Visual Generation in the New Era는 “요즘 image generation model이 좋아졌다”를 정리하는 평범한 survey로 읽으면 핵심을 놓치기 쉽다. 이 논문이 진짜로 하려는 일은 visual generation의 진보를 perceptual quality나 benchmark score가 아니라 capability level로 다시 분해하는 것이다. 즉 더 예쁜 이미지를 만드는가보다, 모델이 구조를 이해하는가, 상태를 유지하는가, 피드백을 받아 고치는가, 그리고 결국 world simulator처럼 동작할 수 있는가를 묻는다.

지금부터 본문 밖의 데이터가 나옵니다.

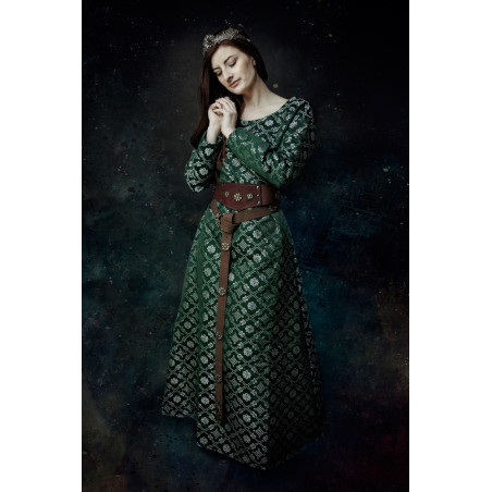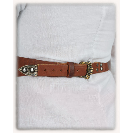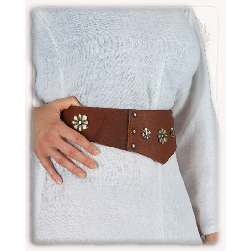 Szeroki damski pas z mosiężnymi zdobieniami, klamrą i zakończeniem.

최근 image/video generation은 이미 많은 면에서 인상적이다. photorealism은 좋아졌고, typography도 상당히 좋아졌고, instruction following과 interactive editing도 빠르게 올라왔다. 하지만 실제로 복잡한 요청을 던져 보면 failure mode는 여전히 선명하다. 지하철 노선도처럼 topology가 중요한 이미지는 그럴듯해 보이지만 연결이 틀어지고, 지도나 좌표계에서는 spatial relation이 깨지고, multi-turn editing에서는 처음 정한 identity나 layout이 조용히 drift한다. 영상 쪽에서는 object permanence, physical causality, long-horizon consistency가 아직 약하다.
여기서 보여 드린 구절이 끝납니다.